Сам не решаясь себе признаться, сколь сильно занимают его прельстительные чары Филины и фантастическое появление Миньоны, Вильгельм проводил беспорядочные дни в этом странном обществе, оправдывая себя прилежными упражнениями в искусстве фехтования и танца, к чему, казалось ему, не так скоро вновь представится случай.
Немало удивился и даже обрадовался он приезду супругов Мелина, которые после радостных приветствий поспешили осведомиться о театральной директрисе и остальных актерах и, к ужасу своему, услышали, что антрепренерша выбыла уже давно, остальные же, за малым исключением, разъехались кто куда.
Молодая чета, союзу которой, как мы знаем, способствовал Вильгельм, безуспешно пыталась получить ангажемент и наконец направилась в здешний городок, где, по словам встреченных в пути людей, имелся порядочный театр.
При знакомстве Филине никак не пришлась по душе мадам Мелина, а пылкому Лаэрту — господин Мелина. Им хотелось поскорее избавиться от вновь прибывших, и Вильгельм не мог настроить их на более благосклонный лад, как ни доказывал, что приезжие — отличнейшие люди.
Правду сказать, увеличение компании во многом повредило развеселому житью троих наших искателей приключений; Мелина сразу же начал торговаться и придираться в гостинице (он взял номер там же, где квартировала Филина). За меньшую мзду он требовал, чтобы ему дали комнату получше, кормили пообильнее, угождали поусерднее. Вскоре хозяин и слуги уже встречали его с хмурой миной, и меж тем как остальные со всем мирились, лишь бы жить беззаботно, и спешили расплатиться, лишь бы не вспоминать, сколько чего съедено, Мелина, аккуратно рассчитываясь за обед, начинал обсуждать блюдо за блюдом, так что Филина, не долго думая, прозвала его жвачным животным.
Еще противней легконравной девице была мадам Мелина. Эта молодая особа обладала некоторым образованием, но ума и души была решительно лишена. Недурно декламируя, она рвалась декламировать без конца; однако вскоре обнаружилось, что это чисто словесная декламация, где выделялись отдельные места, но отсутствовало ощущение целого. При всем том она отнюдь не казалась неприятной, в особенности мужчинам. Напротив, те, что общались с ней, обычно приписывали ей ясный ум, ибо она была тем, что я бы определил одним словом восприятельница; другу, чье уважение ей было важно, она умела польстить особенно кстати, проследить как можно дальше ход его мыслей, когда же мысли эти совершенно выходили за пределы ее разумения, восторженно приветствовать нечто столь новое.

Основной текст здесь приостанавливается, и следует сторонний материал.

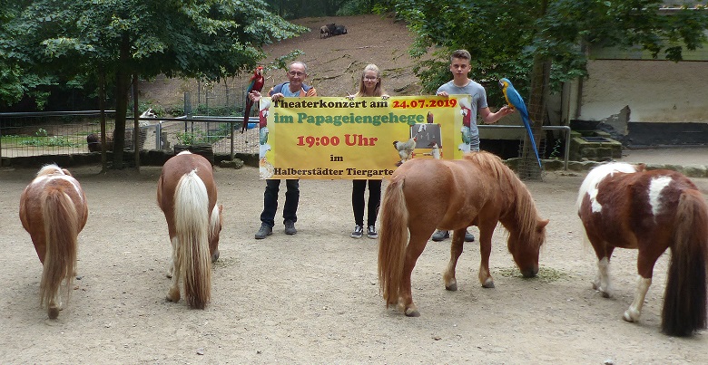 Am 24. Juli 2019 findet bereits zum zehnten Mal das Theaterkonzert im Tiergarten Halberstadt statt. Hierbei hat man die Möglichkeit einen wunderbaren Sommerabend genießen zu können, bei dem man die Musik des Nordharzer Städtebundtheaters sowie Natur und Tiere hautnah erleben kann. Als Zuschauer sitzt man gemeinsam mit dem Orchester des Theaters sowie einigen Tieren des Tiergartens in dem Ponygehege. Weitere Sitzmöglichkeiten werden auf dem Weg und um das Gehege geboten, gerne können auch eigene Sitzmöglichkeiten mitgebracht werden. In den letzten Jahren ist die Zuschauerzahl stetig gewachsen, wozu unter anderem das Orchester des Nordharzer Städtebundtheaters unter Leitung des Intendanten Johannes Rieger beiträgt, ebenso wie die Untermalung und Nähe der Tiere, vor allem der Papageien, welche die Atmosphäre durch Ihre ganz spontanen Tiereinlagen abrunden.

Она умела и говорить и молчать, и хотя в натуре ее не было коварства, она умела неприметно нащупать слабую сторону собеседника.

ГЛАВА ШЕСТАЯ

Мелина, не теряя времени, навел точные справки об остатках прежней антрепризы. Декорации и костюмы были отданы в заклад нескольким торгашам, а некий нотариус получил указание от антрепренерши, если найдутся охотники, на определенных условиях спустить все это с рук. Мелина решил осмотреть вещи и потащил с собой Вильгельма. Когда для них отперли кладовые, Вильгельм почувствовал к этому скарбу влечение, в котором не хотел признаться себе самому. Как ни плачевны были на вид грубо немалеванные декорации и неказисты турецкие и языческие одежды, старые карикатурные мужские и женские наряды, мантии колдунов, евреев и попов, — он не мог отделаться от ощущения, что счастливейшие минуты его жизни связаны с подобным хламом. Если бы Мелина мог заглянуть к нему в душу, он куда настойчивее потребовал бы от него достаточную сумму, чтобы выкупить, восстановить и наново соединить разрозненные части в прекрасное целое.

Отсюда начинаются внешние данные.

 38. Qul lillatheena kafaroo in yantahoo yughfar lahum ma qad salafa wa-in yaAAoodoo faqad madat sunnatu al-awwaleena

— Каким бы я мог стать счастливым, — воскликнул Мелина, — будь у меня две сотни талеров, чтобы для начала войти во владение этими основными предметами театрального обихода. Мигом сколотил бы я небольшую труппу, которая не замедлила бы прокормить нас и в здешнем городе, и в округе.
Вильгельм промолчал, и оба в задумчивости покинули вновь запертые сокровища.

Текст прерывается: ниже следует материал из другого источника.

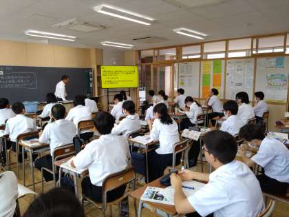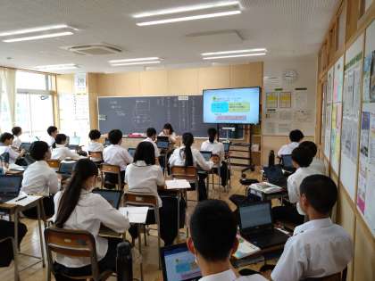 2年生の授業風景です。 1組は理科、2組は国語の授業です。ICT機器を利用し、授業に臨んでいます。

С тех пор у Мелины не было другого разговора, кроме прожектов и предположений, как бы устроить театр, от которого можно получать выгоду. Он пытался вовлечь в дело Филину и Лаэрта, а Вильгельму было предложено ссудить денежек под поручительство. Нашему другу лишь теперь стало вполне ясно, что не следовало так долго задерживаться здесь; он отклонил предложение и стал было собираться в дорогу.
Между тем он все больше пленялся обликом и нравом Миньоны. Во всем поведении ее было что-то своеобычное. Вверх и вниз по лестнице она не ходила, а прыгала; то вспорхнет на перила, а не успеешь оглянуться, она уже на шкафу и некоторое время сидит там не шевелясь. Вильгельм подметил также, что с каждым она здоровается по-разному. Его она с недавних пор приветствовала, сложив руки на груди крестом. Иногда она целые дни молчала, в другой раз лишь отвечала на вопросы, и всегда необычно, да так, что не поймешь, шутит она или плохо знает язык, говоря на ломаном немецком вперемежку с итальянским и французским. В исполнении своих обязанностей она была неутомима, вставала с рассветом, зато рано исчезала вечером, спала в каморке на голом полу и упорно отказывалась от кровати или соломенного тюфяка. Часто Вильгельм заставал ее за умыванием. Да и одежда на ней была опрятная, хотя вся латаная-перелатаная. Вильгельму рассказали также, что каждое утро она ходит к ранней обедне; пойдя однажды за ней в церковь, он увидел, что она стоит в уголке на коленях и, перебирая четки, истово молится. Его она не заметила, а он, идучи домой, много думал, стараясь понять это своеобразное существо, но ни до чего определенного не додумался.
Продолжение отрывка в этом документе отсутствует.